RAW DATA:
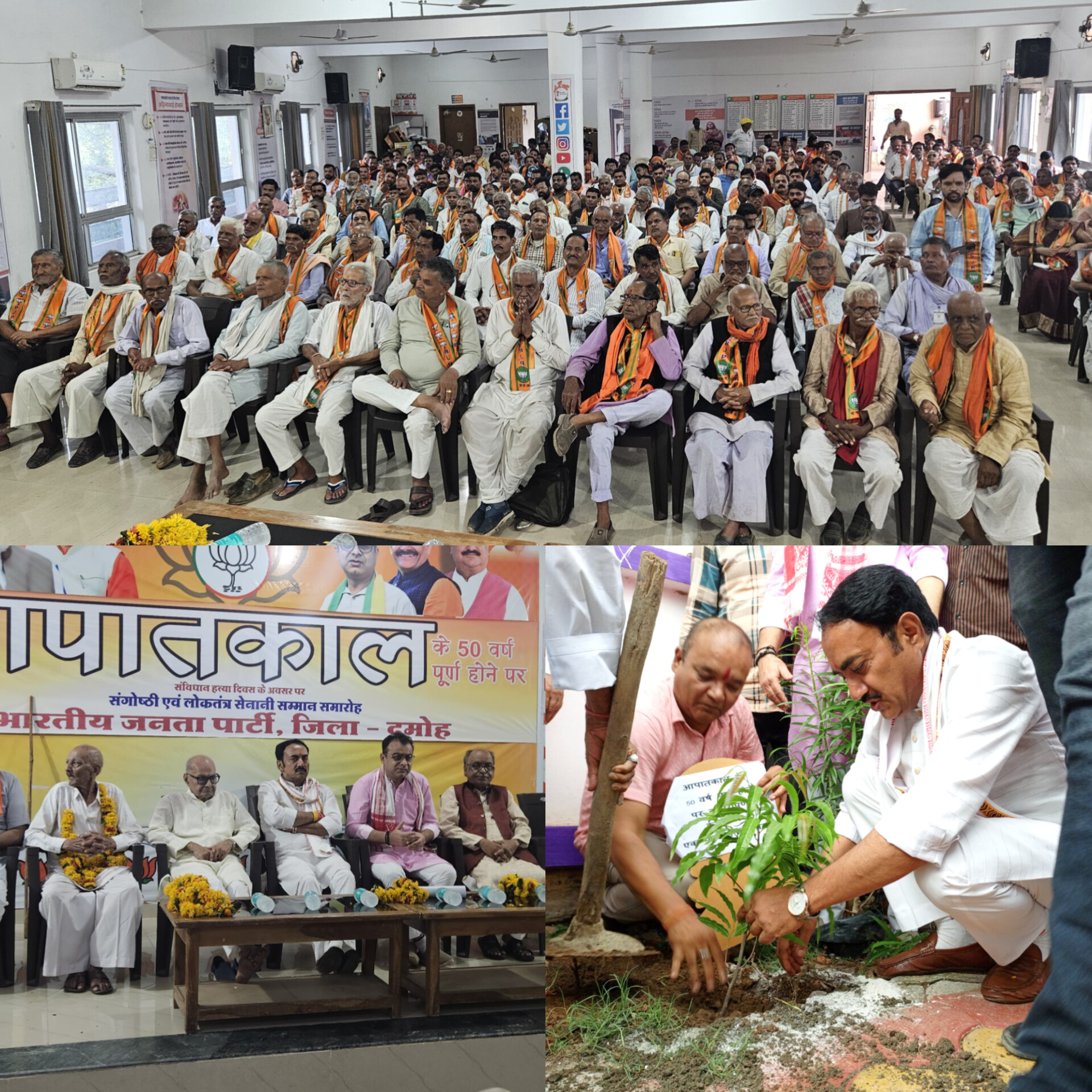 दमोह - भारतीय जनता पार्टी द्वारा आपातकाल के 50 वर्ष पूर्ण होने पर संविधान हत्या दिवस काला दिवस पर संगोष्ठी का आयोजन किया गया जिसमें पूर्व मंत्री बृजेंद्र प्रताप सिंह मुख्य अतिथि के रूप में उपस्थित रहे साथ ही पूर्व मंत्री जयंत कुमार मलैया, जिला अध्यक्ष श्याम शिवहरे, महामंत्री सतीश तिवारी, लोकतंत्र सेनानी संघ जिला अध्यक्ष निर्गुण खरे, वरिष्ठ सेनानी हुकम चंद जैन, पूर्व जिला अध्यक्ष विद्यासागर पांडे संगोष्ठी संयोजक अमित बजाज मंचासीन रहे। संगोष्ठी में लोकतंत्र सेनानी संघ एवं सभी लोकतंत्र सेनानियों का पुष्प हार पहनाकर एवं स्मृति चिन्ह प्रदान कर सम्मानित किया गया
* * *
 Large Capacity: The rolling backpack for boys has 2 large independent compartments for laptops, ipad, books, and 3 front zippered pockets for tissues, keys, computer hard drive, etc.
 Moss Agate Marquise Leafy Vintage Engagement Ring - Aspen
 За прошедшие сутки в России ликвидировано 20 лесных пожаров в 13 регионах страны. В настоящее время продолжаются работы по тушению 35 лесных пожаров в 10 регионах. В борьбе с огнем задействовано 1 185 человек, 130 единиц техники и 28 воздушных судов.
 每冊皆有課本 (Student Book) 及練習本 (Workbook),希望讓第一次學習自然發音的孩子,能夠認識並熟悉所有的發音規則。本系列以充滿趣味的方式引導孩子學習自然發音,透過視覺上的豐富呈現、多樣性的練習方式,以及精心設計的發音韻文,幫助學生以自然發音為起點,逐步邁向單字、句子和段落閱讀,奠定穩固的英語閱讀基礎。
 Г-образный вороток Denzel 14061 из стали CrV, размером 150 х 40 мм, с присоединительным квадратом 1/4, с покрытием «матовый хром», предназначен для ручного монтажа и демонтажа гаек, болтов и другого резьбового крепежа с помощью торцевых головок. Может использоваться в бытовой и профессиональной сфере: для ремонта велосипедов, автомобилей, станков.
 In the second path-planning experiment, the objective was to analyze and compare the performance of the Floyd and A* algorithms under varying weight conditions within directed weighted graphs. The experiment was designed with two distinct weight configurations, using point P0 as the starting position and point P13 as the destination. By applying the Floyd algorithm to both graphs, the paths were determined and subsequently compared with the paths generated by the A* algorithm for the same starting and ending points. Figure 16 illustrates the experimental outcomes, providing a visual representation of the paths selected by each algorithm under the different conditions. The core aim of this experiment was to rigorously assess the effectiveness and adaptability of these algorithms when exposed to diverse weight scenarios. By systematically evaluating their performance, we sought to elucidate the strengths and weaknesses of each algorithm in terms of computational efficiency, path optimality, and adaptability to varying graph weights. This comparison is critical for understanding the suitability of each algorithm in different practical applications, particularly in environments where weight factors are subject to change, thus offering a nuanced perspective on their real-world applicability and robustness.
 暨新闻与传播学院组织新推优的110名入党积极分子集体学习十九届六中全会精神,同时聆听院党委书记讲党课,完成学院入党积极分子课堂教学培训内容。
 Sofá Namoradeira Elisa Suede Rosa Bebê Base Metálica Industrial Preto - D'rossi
* * *
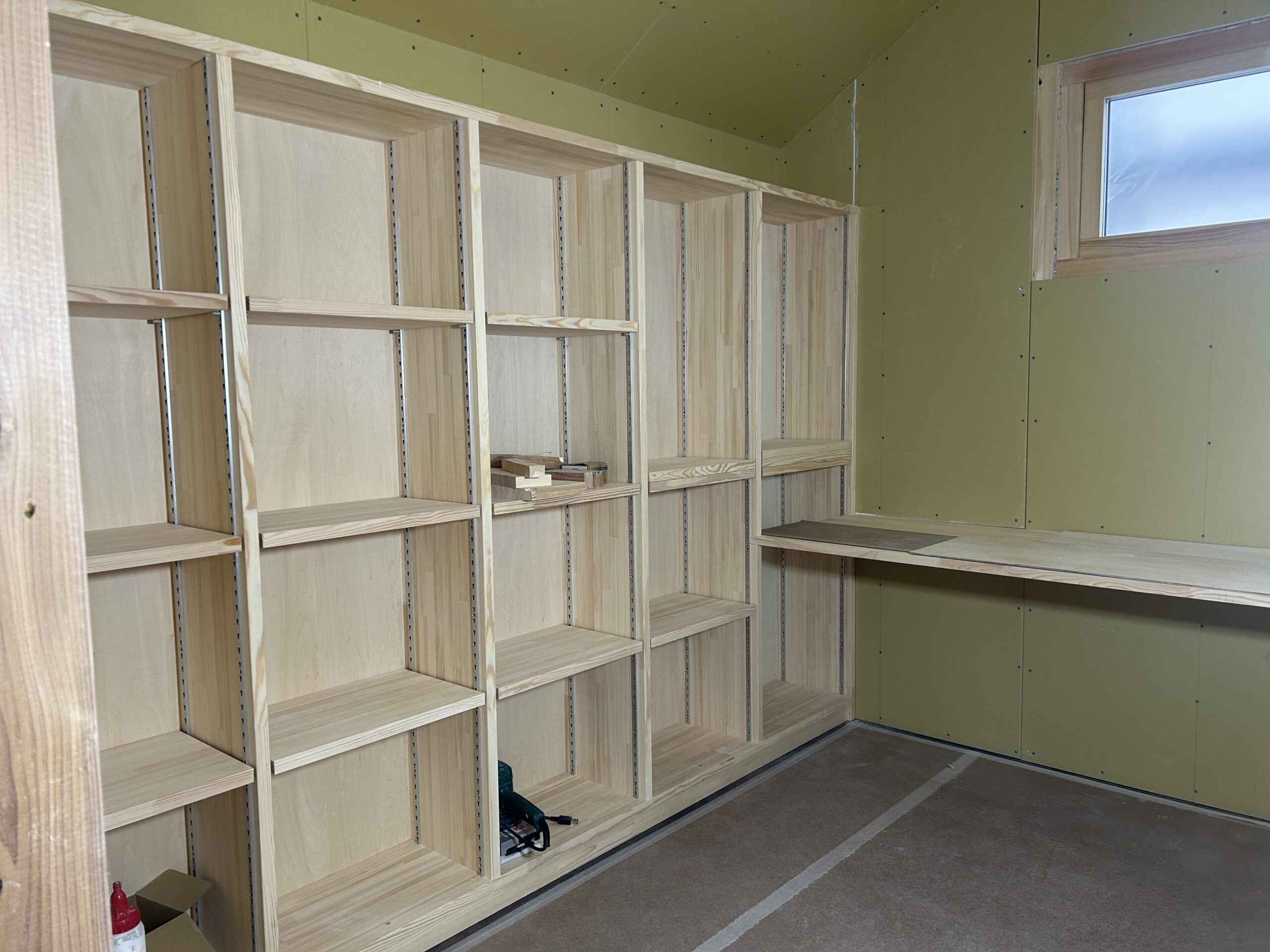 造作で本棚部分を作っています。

TASK ITEM:
Going back over the entries above, copy word for word every line from the one that has "Large Capacity: The" on through the one that has "每冊皆有課本 (Student Book)".

RESULT FOR THIS EXERCISE:
 Large Capacity: The rolling backpack for boys has 2 large independent compartments for laptops, ipad, books, and 3 front zippered pockets for tissues, keys, computer hard drive, etc.
 Moss Agate Marquise Leafy Vintage Engagement Ring - Aspen
 За прошедшие сутки в России ликвидировано 20 лесных пожаров в 13 регионах страны. В настоящее время продолжаются работы по тушению 35 лесных пожаров в 10 регионах. В борьбе с огнем задействовано 1 185 человек, 130 единиц техники и 28 воздушных судов.
 每冊皆有課本 (Student Book) 及練習本 (Workbook),希望讓第一次學習自然發音的孩子,能夠認識並熟悉所有的發音規則。本系列以充滿趣味的方式引導孩子學習自然發音,透過視覺上的豐富呈現、多樣性的練習方式,以及精心設計的發音韻文,幫助學生以自然發音為起點,逐步邁向單字、句子和段落閱讀,奠定穩固的英語閱讀基礎。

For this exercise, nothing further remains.